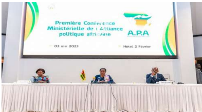
Les officiels lors de la cérémonie d'ouverture

L'idée d'une telle rencontre des ministres des affaires étrangères et des diplomates du continent africain est consécutive au discours de Robert Dussey, à la 77 e session de l'Assemblée générale des nations unies. Il disait : " L'Afrique actuelle n'est plus celle des années 1945, encore moins des années 1960... L'Afrique s'attend à plus d'égalité, de respect, d'équité et de justice dans ses relations et partenariats avec le reste du monde, avec les
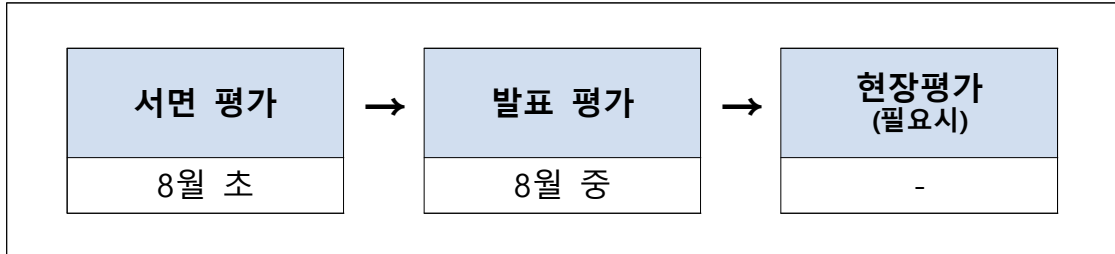
< 선정평가 프로세스 >
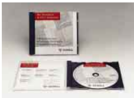
Mit der neuen CD-ROM bietet Schell ein umfassendes Informationspaket zu den Sanitär- und Heizungsprodukten

Als komfortable Anwendungshilfe dient die Zoomfunktion, mit der die Abbildungen in ihrer Größe individuell verändert werden können. Zum Erstellen von Angeboten, Bestellungen und Leistungsausügen können vorgefertigte Formulare ausgedruckt werden.
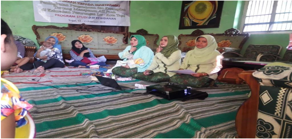
Gambar 4.3 Praktik Cara Memerah ASI dan Cara Menyusui Bayi
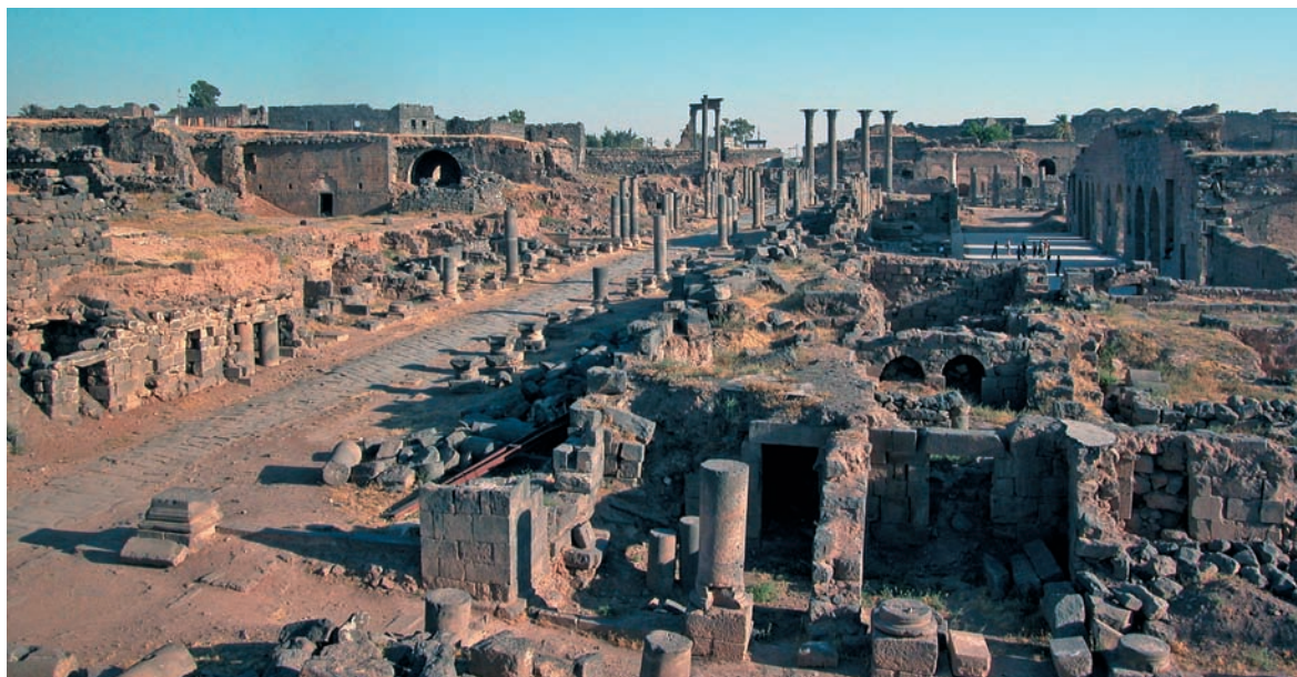
La rue nord-sud entre le nymphée et la mosquée d'Omar : vue vers le sud depuis la mosquée d'Omar. À l'ouest, les thermes du Centre.

La colonnade ouest est marquée à deux reprises par une avancée du trottoir sur la chaussée. Chacune d'entre elles correspond à un groupe de quatre colonnes d'un diamètre légèrement supérieur, surélevées par un piédestal et portant une console, très saillante, de dimensions supérieures à celles de
========
» **WHAT IS REQUIRED**: Set every record down again verbatim, without pictures.

» **ANSWER FOR THE TASK**:
Les officiels lors de la cérémonie d'ouverture

L'idée d'une telle rencontre des ministres des affaires étrangères et des diplomates du continent africain est consécutive au discours de Robert Dussey, à la 77 e session de l'Assemblée générale des nations unies. Il disait : " L'Afrique actuelle n'est plus celle des années 1945, encore moins des années 1960... L'Afrique s'attend à plus d'égalité, de respect, d'équité et de justice dans ses relations et partenariats avec le reste du monde, avec les
< 선정평가 프로세스 >
Mit der neuen CD-ROM bietet Schell ein umfassendes Informationspaket zu den Sanitär- und Heizungsprodukten

Als komfortable Anwendungshilfe dient die Zoomfunktion, mit der die Abbildungen in ihrer Größe individuell verändert werden können. Zum Erstellen von Angeboten, Bestellungen und Leistungsausügen können vorgefertigte Formulare ausgedruckt werden.
Gambar 4.3 Praktik Cara Memerah ASI dan Cara Menyusui Bayi
La rue nord-sud entre le nymphée et la mosquée d'Omar : vue vers le sud depuis la mosquée d'Omar. À l'ouest, les thermes du Centre.

La colonnade ouest est marquée à deux reprises par une avancée du trottoir sur la chaussée. Chacune d'entre elles correspond à un groupe de quatre colonnes d'un diamètre légèrement supérieur, surélevées par un piédestal et portant une console, très saillante, de dimensions supérieures à celles de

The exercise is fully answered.